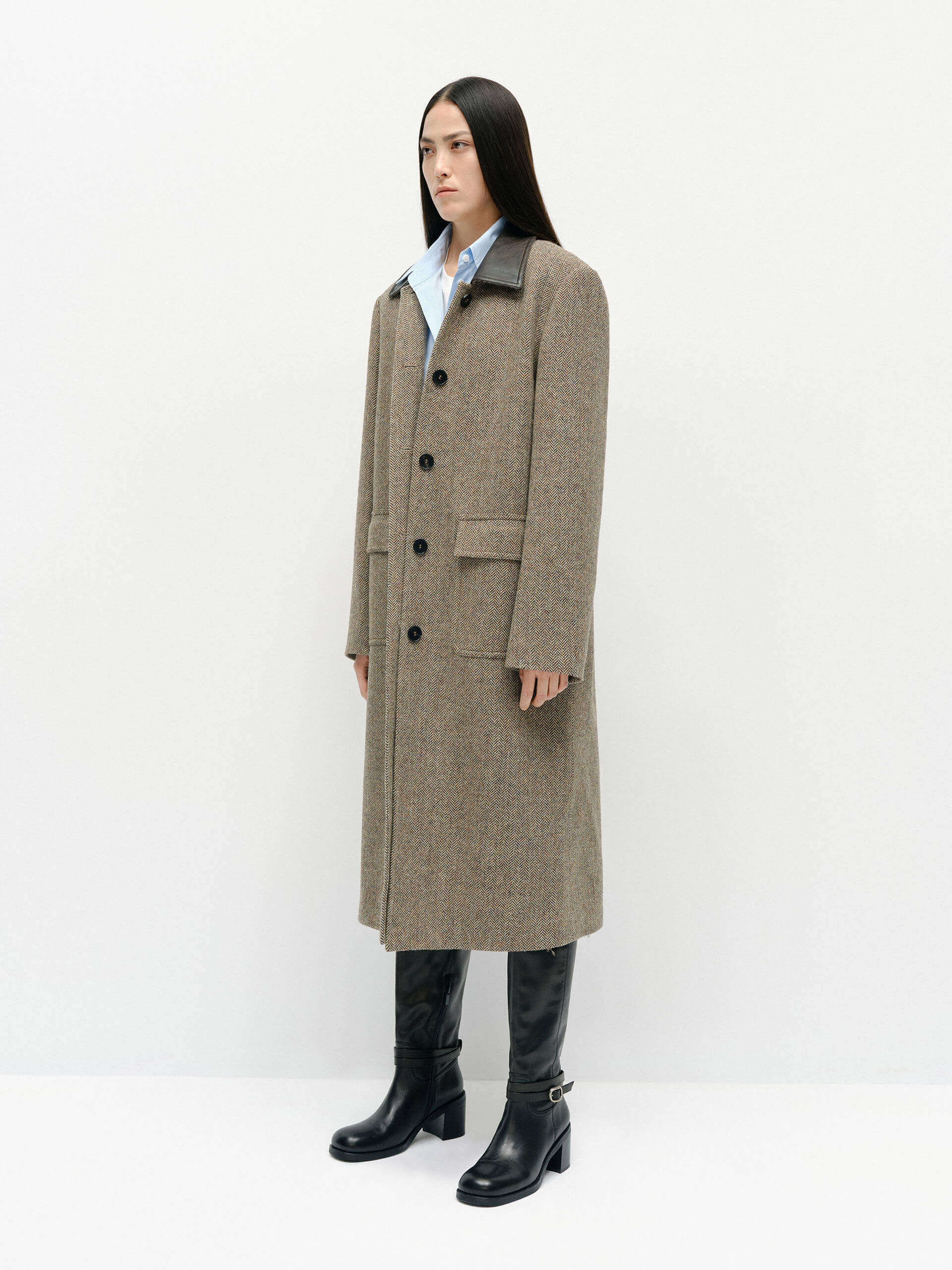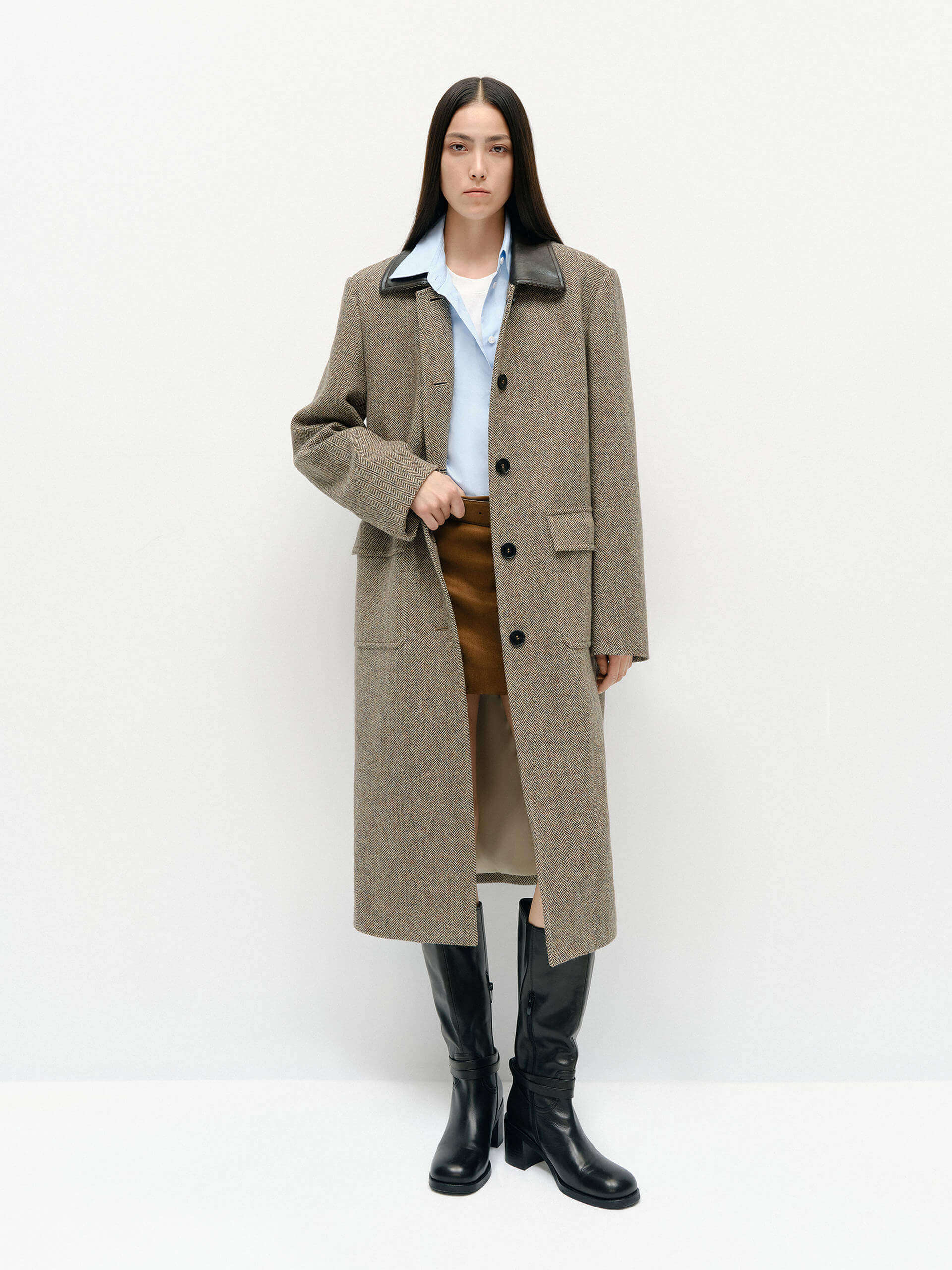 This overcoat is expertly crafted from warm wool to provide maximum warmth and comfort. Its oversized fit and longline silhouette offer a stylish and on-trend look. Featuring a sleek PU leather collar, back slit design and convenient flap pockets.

--

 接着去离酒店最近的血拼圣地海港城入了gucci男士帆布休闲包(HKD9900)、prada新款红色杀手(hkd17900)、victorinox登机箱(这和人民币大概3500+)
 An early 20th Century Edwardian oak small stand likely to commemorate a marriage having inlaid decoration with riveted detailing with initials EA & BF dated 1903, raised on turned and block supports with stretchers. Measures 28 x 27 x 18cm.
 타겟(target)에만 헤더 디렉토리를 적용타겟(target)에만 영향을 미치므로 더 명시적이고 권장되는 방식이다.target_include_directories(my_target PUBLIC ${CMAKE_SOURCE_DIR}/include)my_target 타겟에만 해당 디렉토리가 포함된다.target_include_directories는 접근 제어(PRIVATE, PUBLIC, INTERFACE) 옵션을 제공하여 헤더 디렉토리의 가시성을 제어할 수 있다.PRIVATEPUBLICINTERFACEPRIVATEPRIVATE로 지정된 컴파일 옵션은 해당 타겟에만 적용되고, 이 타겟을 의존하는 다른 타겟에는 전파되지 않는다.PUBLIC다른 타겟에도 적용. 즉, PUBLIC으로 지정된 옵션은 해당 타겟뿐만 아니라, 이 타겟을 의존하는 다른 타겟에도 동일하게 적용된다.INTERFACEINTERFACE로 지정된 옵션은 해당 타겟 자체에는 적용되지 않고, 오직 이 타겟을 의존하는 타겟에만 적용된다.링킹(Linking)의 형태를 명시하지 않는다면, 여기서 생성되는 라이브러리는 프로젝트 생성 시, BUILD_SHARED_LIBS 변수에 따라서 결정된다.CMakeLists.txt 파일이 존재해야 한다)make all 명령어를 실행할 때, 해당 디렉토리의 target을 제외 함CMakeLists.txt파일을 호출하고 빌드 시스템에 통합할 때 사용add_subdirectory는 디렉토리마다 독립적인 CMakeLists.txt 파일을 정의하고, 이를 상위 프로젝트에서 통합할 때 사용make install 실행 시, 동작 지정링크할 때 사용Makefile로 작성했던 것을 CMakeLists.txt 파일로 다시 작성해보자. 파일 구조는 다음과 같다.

## EXERCISE INSTRUCTIONS
Taking the listing above as the source, transcribe only the lines starting at the line with "接着去离酒店最近的血拼圣地海" and going through the line with "타겟(target)에만 헤더 디렉토리를", unaltered and with both ends included.

## OUTPUT
 接着去离酒店最近的血拼圣地海港城入了gucci男士帆布休闲包(HKD9900)、prada新款红色杀手(hkd17900)、victorinox登机箱(这和人民币大概3500+)
 An early 20th Century Edwardian oak small stand likely to commemorate a marriage having inlaid decoration with riveted detailing with initials EA & BF dated 1903, raised on turned and block supports with stretchers. Measures 28 x 27 x 18cm.
 타겟(target)에만 헤더 디렉토리를 적용타겟(target)에만 영향을 미치므로 더 명시적이고 권장되는 방식이다.target_include_directories(my_target PUBLIC ${CMAKE_SOURCE_DIR}/include)my_target 타겟에만 해당 디렉토리가 포함된다.target_include_directories는 접근 제어(PRIVATE, PUBLIC, INTERFACE) 옵션을 제공하여 헤더 디렉토리의 가시성을 제어할 수 있다.PRIVATEPUBLICINTERFACEPRIVATEPRIVATE로 지정된 컴파일 옵션은 해당 타겟에만 적용되고, 이 타겟을 의존하는 다른 타겟에는 전파되지 않는다.PUBLIC다른 타겟에도 적용. 즉, PUBLIC으로 지정된 옵션은 해당 타겟뿐만 아니라, 이 타겟을 의존하는 다른 타겟에도 동일하게 적용된다.INTERFACEINTERFACE로 지정된 옵션은 해당 타겟 자체에는 적용되지 않고, 오직 이 타겟을 의존하는 타겟에만 적용된다.링킹(Linking)의 형태를 명시하지 않는다면, 여기서 생성되는 라이브러리는 프로젝트 생성 시, BUILD_SHARED_LIBS 변수에 따라서 결정된다.CMakeLists.txt 파일이 존재해야 한다)make all 명령어를 실행할 때, 해당 디렉토리의 target을 제외 함CMakeLists.txt파일을 호출하고 빌드 시스템에 통합할 때 사용add_subdirectory는 디렉토리마다 독립적인 CMakeLists.txt 파일을 정의하고, 이를 상위 프로젝트에서 통합할 때 사용make install 실행 시, 동작 지정링크할 때 사용Makefile로 작성했던 것을 CMakeLists.txt 파일로 다시 작성해보자. 파일 구조는 다음과 같다.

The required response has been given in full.